The substantially inverted ‘U’ shaped structure of apparatus 10 provides a hook-like removeable securing means for apparatus 10 to engage with the edge of a container, such as container 16 shown in FIG. 1. The substantially inverted ‘U’ shaped body of apparatus 10 is arranged such that it can accommodate a variety of differently shaped container edges. Many containers, especially water containers for animals in a farm setting, however, have wide edges that are often arcuately shaped to increase container rigidity and to reduce the likelihood of animals injuring themselves. It should be appreciated that apparatus 10 is also suitable for filling a swimming pool, hot tub, or any other liquid holding container.

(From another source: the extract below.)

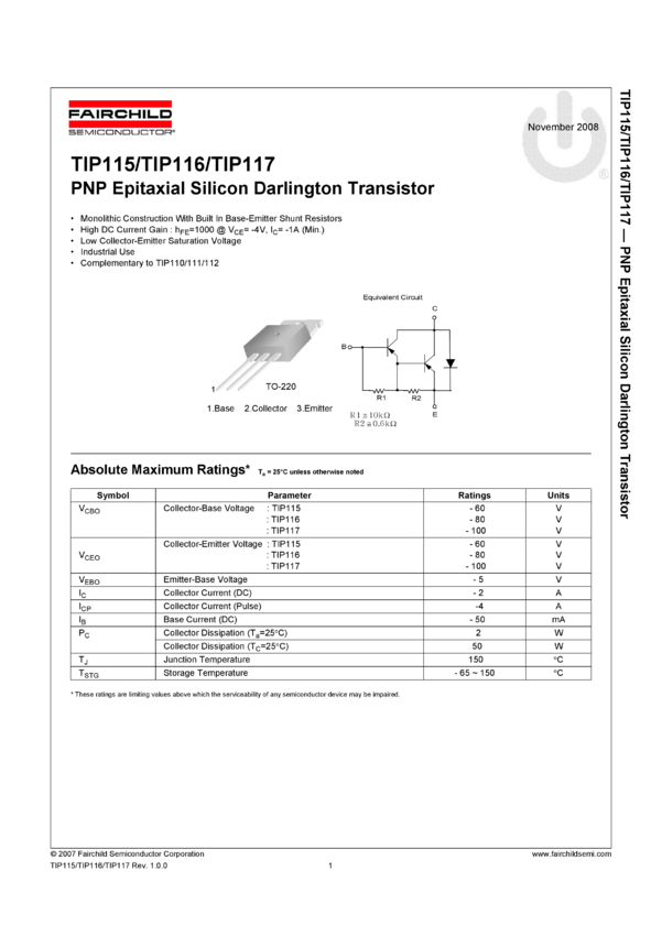 TIP117 PNP Epitaxial Silicon Darlington Transistor

As shown in FIG. 6, apparatus 10 is removeably secured to container 70 at edge 72. Edge 72 is common to water containers for horses in an outdoor setting wherein edge 72 is wider than edges commonly seen for smaller containers and edge 72 is a rounded edge to reduce the likelihood of animal injury when using container 70. Although common for use with horses and other animals in farm settings, it should be appreciated that a variety of other containers for non-water or non-animal purposes have similarly rounded edges and could be used with apparatus 10.

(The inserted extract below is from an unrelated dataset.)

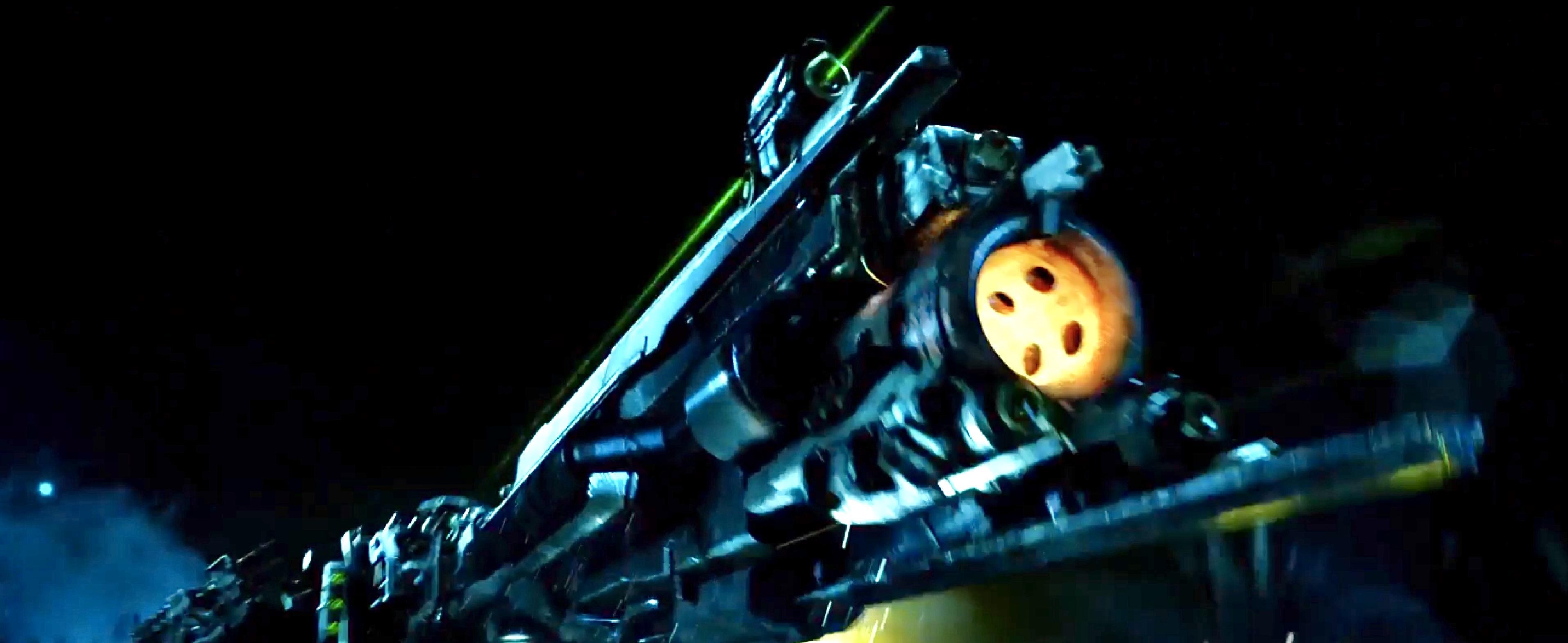 第3个层次是直接伸出完整的脸炮进行火力打击在脸炮变长的过程中,三点定位的绿色激光发挥最后的作用,应该是完成了最后针对目标的精准定位,直接锁定某个点。

The substantially inverted ‘U’ shape of apparatus 10 allows the apparatus to be removeably secured to a variety of different edges available for containers and allows for simple manipulation. Apparatus 10 is arranged such as to provide for easy removal from the edge of a container so as to both reduce the likelihood that apparatus 10 is damaged by animals using the container and that an animal is less likely to injure itself if it moves into apparatus 10 or nudges apparatus 10 with its head. Furthermore, this assists a user in repositioning apparatus 10 or relocating apparatus 10 to an additional container easily without having to specifically align any small structural components.

Thus, it is seen that the objects of the present invention are efficiently obtained, although modifications and changes to the invention should be readily apparent to those having ordinary skill in the art, which modifications are intended to be within the spirit and scope of the invention as claimed. It also is understood that the foregoing description is illustrative of the present invention and should not be considered as limiting. Therefore, other embodiments of the present invention are possible without departing from the spirit and scope of the present invention.